Sentante Enters FDA TAP Program for Remote Stroke System

February 18, 2026—Sentante announced that its Sentante stroke system has been accepted into the FDA Total Product Life Cycle Advisory Program (TAP), building on the Breakthrough Device designation granted in September 2025 and advancing the company’s regulatory pathway toward first-in-human remote stroke trials.

According to the company’s press release, thousands of devices are cleared by the FDA each year, whereas fewer than 200 annually receive Breakthrough Device designation, and an even smaller subset is selected for the TAP pilot. Sentante stated that it is the only endovascular robotic system with Breakthrough Device designation for stroke thrombectomy. TAP provides early and ongoing engagement with the FDA and partner agencies across clinical development, regulatory strategy, market access, and postmarket evidence generation. For interventionalists, TAP inclusion signals closer alignment with the agency as Sentante prepares to seek an investigational device exemption (IDE) for remote mechanical thrombectomy studies in acute ischemic stroke.

“Acceptance into the FDA’s TAP Program provides strong validation of both the urgency and the credibility of what we are building,” said Edvardas Satkauskas, CEO of Sentante. “TAP is about strategic support—we will be working hand-in-hand with the FDA to navigate external hurdles like insurance (reimbursement) and faster doctor adoption, helping us to derisk and accelerate the pathway to commercial success.”

Mechanical thrombectomy is the standard of care for large-vessel occlusion stroke, but access remains limited. The company noted that > 60% of the United States population does not have timely access to a thrombectomy-capable center. Sentante’s device-agnostic, haptic endovascular robotic platform is designed to allow neurointerventionalists to perform thrombectomy remotely using off-the-shelf catheters and guidewires, with tactile feedback transmitted over a secure network.

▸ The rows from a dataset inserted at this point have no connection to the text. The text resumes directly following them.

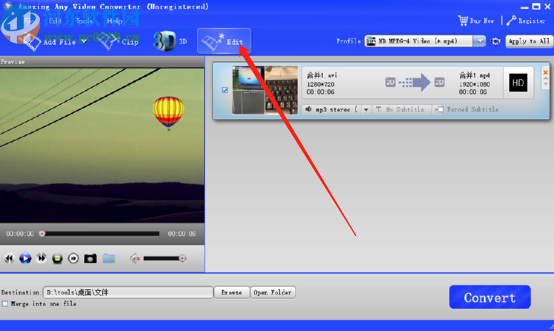3.点击打开按钮之后我们在软件界面就可以看到添加进来的视频了,然后我们点击界面上方的Edit这个编辑功能。
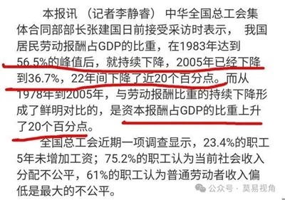 北京大学的这份报告,同中国日报之前的报道相吻合。报道指出,我国居民劳动报酬占GDP的比重,在1983年达到56.5%的峰值后就持续下降,2005年已经下降到36.7%,22年间下降了近20个百分点。而2005年以后的20年间,这一比重又进一步下降了约十几个百分点。
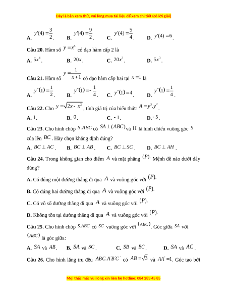 có đạo hàm cấp 2 là A. . B. . C. . D. . Câu 21. Hàm số
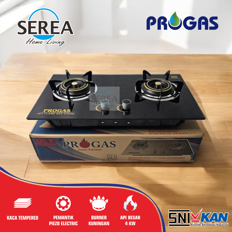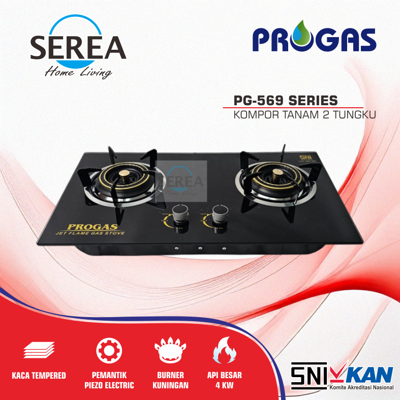 PROGAS Kompor Gas Tanam 2 Tungku PG-569 Kaca Hitam, Bunga Merah SNI Garansi 1 Tahun Api Biru Besar
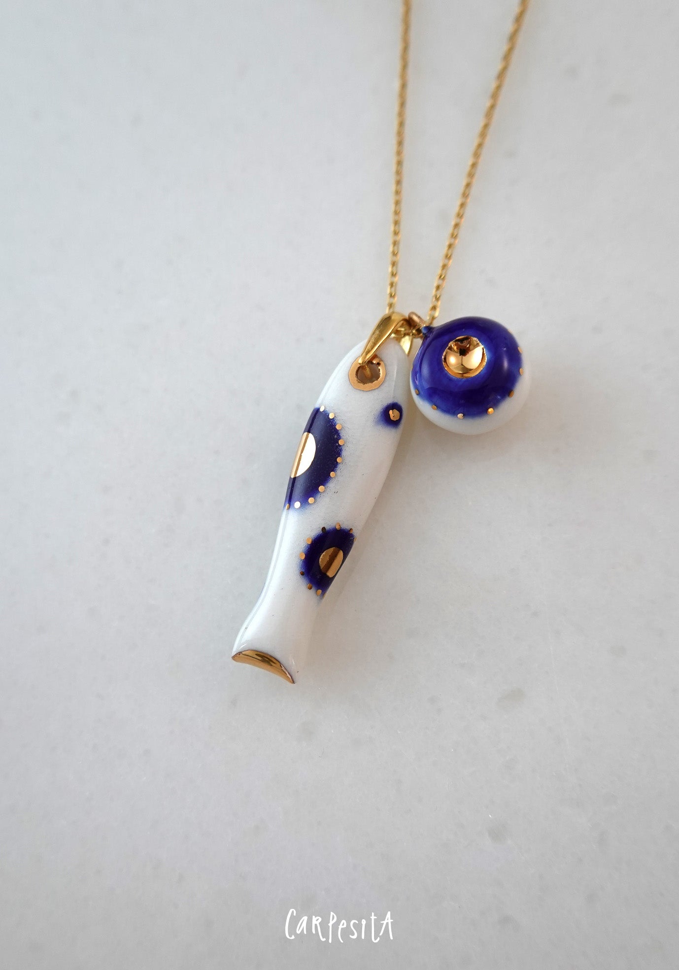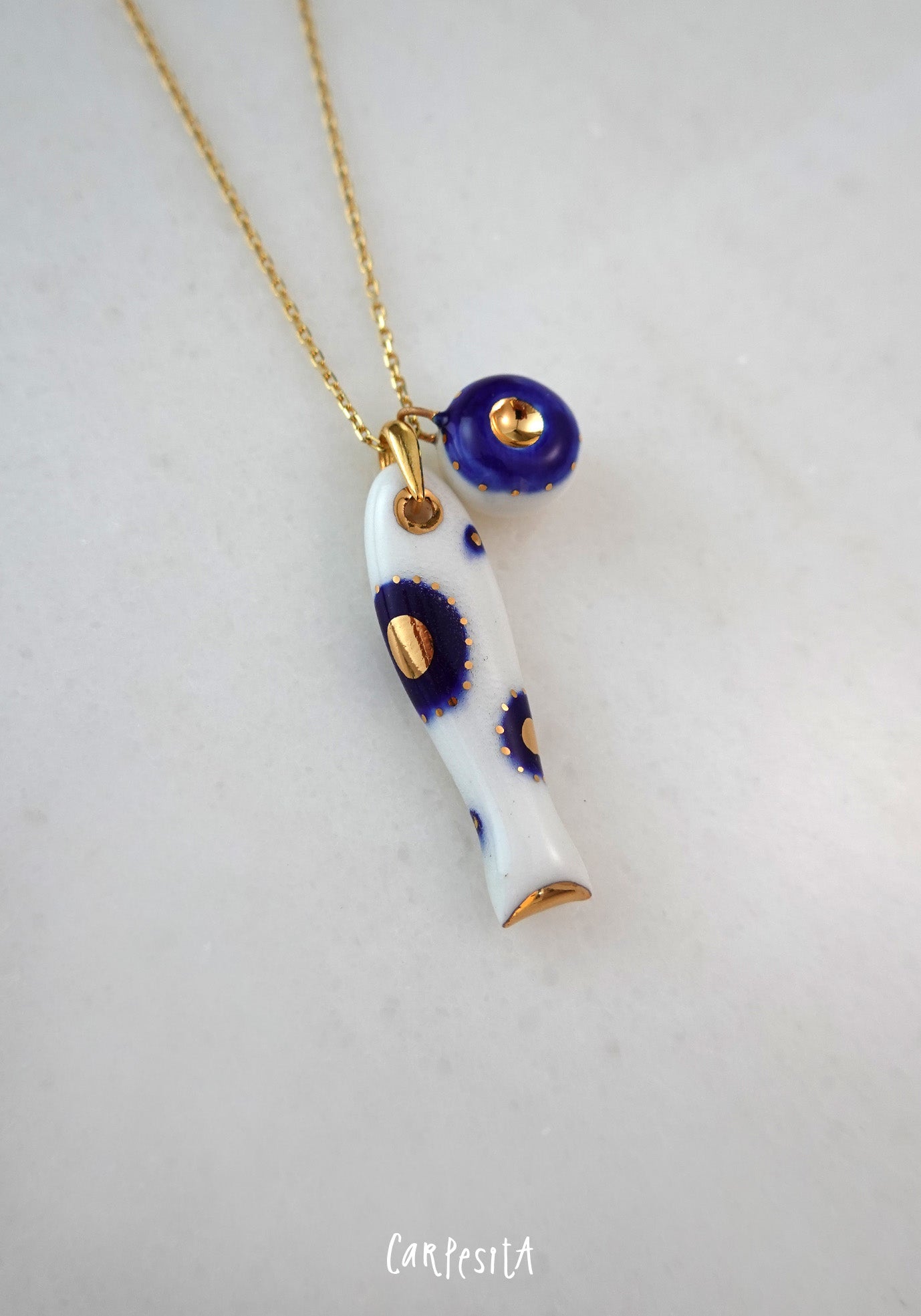 Lacivert Benekli Balık Kolye
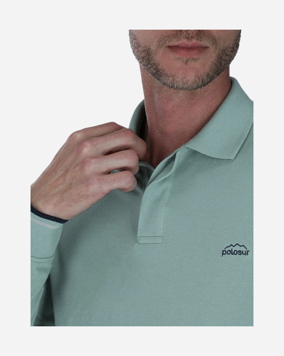 Polo de manga larga 100% algodón en tejido piqué liso. Cuenta con cuello y puños en rib al tono, que aportan uniformidad y un acabado limpio. Ideal para un look casual con mayor cobertura y comodidad.

Over the past year, the company reported completing a transatlantic remote stroke thrombectomy on perfused human cadaver models and a multiday Good Laboratory Practice (GLP) live-subject study comprising 24 remote thrombectomy procedures conducted from three continents. “Our recent live-subject GLP studies demonstrated that the system can safely and precisely operate in complex, living biological environments,” said Tomas Baltrunas, MD, Co-Founder and Chief Medical Officer of Sentante. “TAP allows us to build directly on that evidence with early regulatory input, helping ensure that our clinical strategy is robust, efficient, and focused on patient safety.”

Under TAP, initial discussions will focus on clinical trial design, endpoints, and risk mitigation strategies to support an IDE application for first-in-human remote stroke studies. In parallel, the company stated that it is pursuing regulatory clearance for a peripheral vascular indication, positioning the platform as a multivascular robotic system.

Sentante, founded in 2017, develops a haptic, device-agnostic endovascular robotic platform intended for remote performance of neurovascular, peripheral vascular, and cardiovascular procedures, according to the company.